*Exercise objective:* Range to copy from the entries below: the line containing "TDS600では水素脱離ピークを正確に捉えることが可能です。" through the line containing "長途騎乘的便利,同時反應(y", inclusive. Retype only those lines, exactly, without any images.

*Record extracts:*
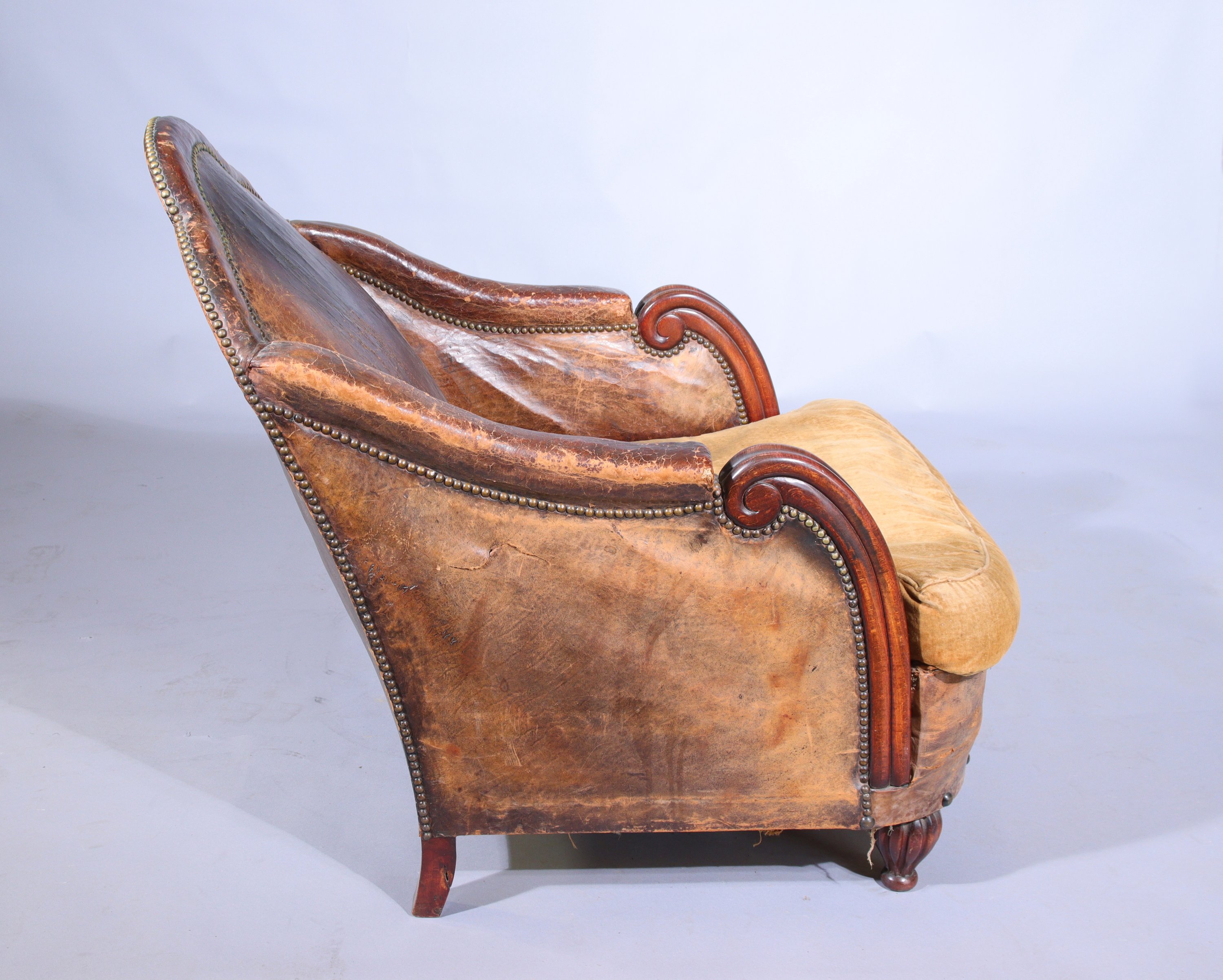 en acajou et garniture de cuir. Le dossier incliné, les accotoirs à manchettes reposant sur des consoles en enroulement. Les pieds antérieurs cannelés en forme de sphère, les postérieurs en sabre.
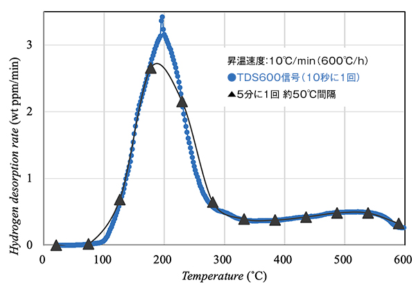 TDS600では水素脱離ピークを正確に捉えることが可能です。
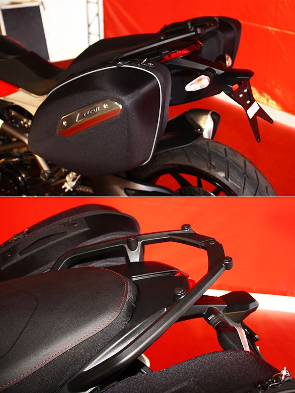 長途騎乘的便利,同時反應(yīng)在原廠提供的左右輕量化快拆式側(cè)行李箱,容積各為25L,若還不夠,后把手也預(yù)留加掛后箱機(jī)能,原廠后箱容積則達(dá)31L,如此一來,可讓Hyperstrada的置物容積高達(dá)81L之多。座墊造型也經(jīng)過修改,加寬且調(diào)整騎士與乘客的高度差;此外,休旅面向的配備還包含前擋風(fēng)罩、中央置車架、2組12V輸出電源與加大至16L的油箱等,更利于車主長途騎乘。
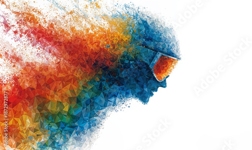 Abstract polygonal winter sports athlete head with colorful dynamic flame effect in vibrant red green blue colors on clean white background vector illustration for winter olympics concept
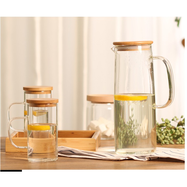 Giới thiệu [Giá sỉ] Bình thuỷ tinh đựng nước nắp gỗ chịu nhiệt độ cao dày dặn đẹp 1,3 lít và 1,6 lít giá rẻ
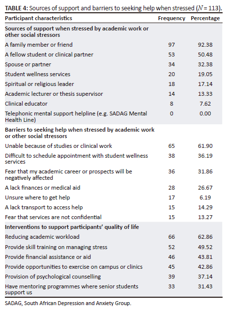 The online survey link consisted of an author-generated questionnaire that collected sociodemographic characteristics data on participants including age, gender, home background (urban or rural), marital status, employment status, current living situation, programme enrolled in and the year of study. Additionally, self-reported mental health history (including being diagnosed in the past 12 months and being on treatment for a mental health condition) was enquired about. Coronavirus disease 2019 specific questions included whether the participants were ever diagnosed with COVID-19, had fully recovered at the time of the study, had access to personal protective equipment (PPE) in the clinical platform or university premises, and whether they had received any COVID-19 vaccination. Substance use history was enquired about, including current use of cigarettes, tobacco, alcohol, illicit drugs and prescription medication. Participants were requested to additionally indicate if they ever felt the need to use substances to manage academic and social stressors. Finally, participants' sources of support for academic and social stressors, and barriers for seeking support when stressed were explored by offering students a multiple checklist, of which participants selected all that applied.

*Answer to the exercise:*
 TDS600では水素脱離ピークを正確に捉えることが可能です。
 長途騎乘的便利,同時反應(yīng)在原廠提供的左右輕量化快拆式側(cè)行李箱,容積各為25L,若還不夠,后把手也預(yù)留加掛后箱機(jī)能,原廠后箱容積則達(dá)31L,如此一來,可讓Hyperstrada的置物容積高達(dá)81L之多。座墊造型也經(jīng)過修改,加寬且調(diào)整騎士與乘客的高度差;此外,休旅面向的配備還包含前擋風(fēng)罩、中央置車架、2組12V輸出電源與加大至16L的油箱等,更利于車主長途騎乘。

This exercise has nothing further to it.